How does an RLC circuit behave as a function of the frequency of the driving voltage source? Combining Ohm’s law, $${I}_{\text{rms}}={V}_{\text{rms}}/Z$$, and the expression for impedance $$Z$$ from $$Z=\sqrt{{R}^{2}+({X}_{L}-{X}_{C}{)}^{2}}$$ gives

$${I}_{\text{rms}}=\cfrac{{V}_{\text{rms}}}{\sqrt{{R}^{2}+({X}_{L}-{X}_{C}{)}^{2}}}\text{.}$$

The reactances vary with frequency, with $${X}_{L}$$ large at high frequencies and $${X}_{C}$$ large at low frequencies, as we have seen in three previous examples. At some intermediate frequency $${f}_{0}$$, the reactances will be equal and cancel, giving $$Z=R$$ —this is a minimum value for impedance, and a maximum value for $${I}_{\text{rms}}$$ results. We can get an expression for $${f}_{0}$$ by taking

$${X}_{L}={X}_{C}\text{.}$$

Substituting the definitions of $${X}_{L}$$ and $${X}_{C}$$,

$$2{\mathrm{\pi f}}_{0}L=\cfrac{1}{2{\mathrm{\pi f}}_{0}C}\text{.}$$

Solving this expression for $${f}_{0}$$ yields

$${f}_{0}=\cfrac{1}{2\pi \sqrt{\text{LC}}}\text{,}$$

where $${f}_{0}$$ is the resonant frequency of an RLC series circuit. This is also the natural frequency at which the circuit would oscillate if not driven by the voltage source. At $${f}_{0}$$, the effects of the inductor and capacitor cancel, so that $$Z=R$$, and $${I}_{\text{rms}}$$ is a maximum.

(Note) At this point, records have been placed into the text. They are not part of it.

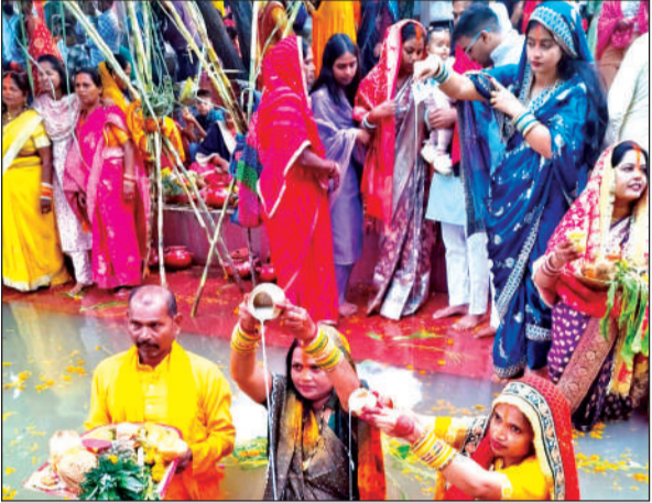
उगते सूर्य को अर्घ्य देती व्रतधारी महिलाएं। ● अमृत विचार

अमृत विचार: पूर्वांचल समाज का पावन पर्व छठ महापर्व उगते सूर्य को अर्घ्य देने के बाद आस्था पूर्वक संपन्न हो गया है। पूजा अर्चना करने के बाद निर्जला व्रतधारियों ने भोजन ग्रहण किया और छठ मईया से सुख समृद्धि की कामना की। बताते चलें कि रविवार की सुबह से ही शहर में छठ महापर्व को लेकर पूर्वांचल समाज में आस्था का उत्साह देखने को मिला था। सोमवार को शाम ढलते ही बड़ी संख्या में समाज के लोग शहर के कई स्थानों पर बने छठ घाटों पर पहुंचे और डूबते सूर्य को अर्घ्य देकर पूजा अर्चना की थी। वहीं मंगलवार की सुबह चार बजे से बड़ी संख्या में श्रद्धालु धोबी घाट, पैराडाइज झील, अटरिया, नारायणपुर, कीरतपुर, गंगापुर में बने छठ घाटों पर पहुंचने शुरू हो गए। पांच बजे तक छठ घाटों पर आस्था का सैलाब उमड़ पड़ा। सूर्य की पहली किरण धरती पर पड़ते ही छठ मईया व भजनों की धुन से घाट गुंजायमान हो गए। निर्जला व्रतधारियों ने सूर्य को अर्घ्य देकर पूजा अर्चना कर छठ महापर्व की आखिरी आराधना की। इसके बाद व्रतधारियों ने घर पहुंचकर छठ मईया की पूजा अर्चना के साथ ही भोजन का सेवन किया। इस अवसर पर पूर्वांचल समाज समिति
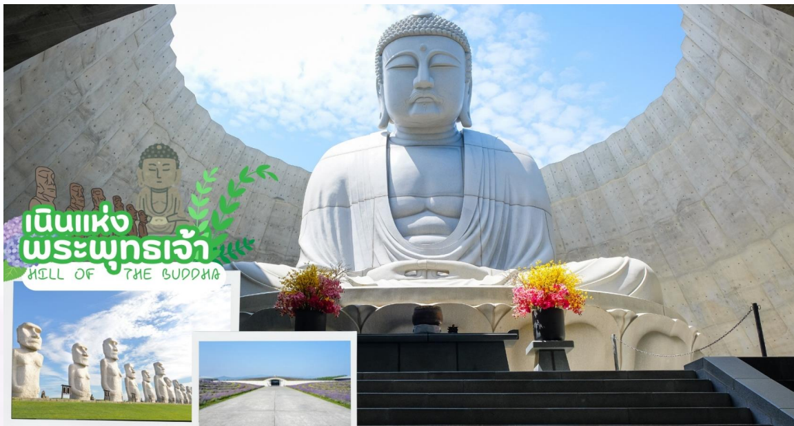
เดินแห่ง พระพุทธเจ้า HILL OF THE BUDDHA

นำท่านเดินทางสู่ เนินแห่งพระพุทธเจ้า หรือ Hill of the Buddha ตั้งอยู่ทางตอนเหนือของเมืองซัปโปโร ที่ถูกออกแบบโดย Mr.Tadao ando สถาปนิกชื่อดังชาวญี่ปุ่น พระพุทธรูปมีความสูงถึง 13.5 เมตร และมีน้ำหนักมากถึง 1500 ตัน ล้อมรอบด้วยธรรมชาติที่สวยงามแตกต่างกันออกไปในแต่ละฤดู ฤดูหนาวก็จะรู้สึกได้ถึงความงดงามของหิมะที่ขาวโพลน นับได้ว่าเป็นอีกหนึ่งสถานที่ๆเรียกได้ว่าเป็น Unseen Hokkaido เลยทีเดียว จากนั้นนำท่านชม โมอายแห่งเมืองฮอกไกโด หรือที่เรียกว่า
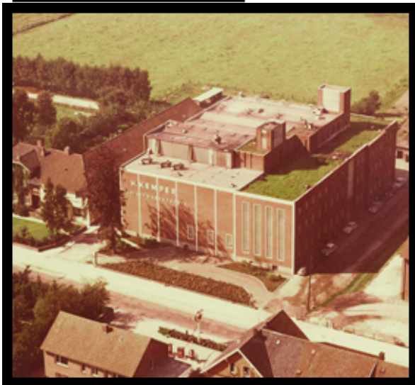
Werk 1 am Standort Nortrup, 1963
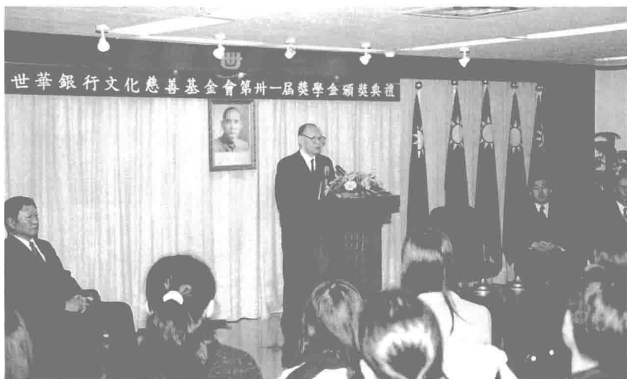
世華銀行於民國六十九年成立文化慈善基金會，每年均頒發獎學金鼓勵優秀清寒的大學青年進德修業。
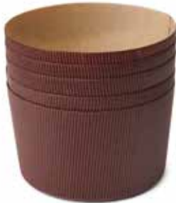
01855 Papieren panettone vormen 5 stuks Ø 13 cm - 5 1/8" 01856 Caïssette à panettone en papier 5 pièces Ø 16 cm - 6 1/4" Panettone-Papierförmchen 5 Stück Paper panettone cases 5 pcs

Resonance in AC circuits is analogous to mechanical resonance, where resonance is defined to be a forced oscillation—in this case, forced by the voltage source—at the natural frequency of the system. The receiver in a radio is an RLC circuit that oscillates best at its $${f}_{0}$$. A variable capacitor is often used to adjust $${f}_{0}$$ to receive a desired frequency and to reject others. This figure is a graph of current as a function of frequency, illustrating a resonant peak in $${I}_{\text{rms}}$$ at $${f}_{0}$$. The two curves are for two different circuits, which differ only in the amount of resistance in them. The peak is lower and broader for the higher-resistance circuit. Thus the higher-resistance circuit does not resonate as strongly and would not be as selective in a radio receiver, for example.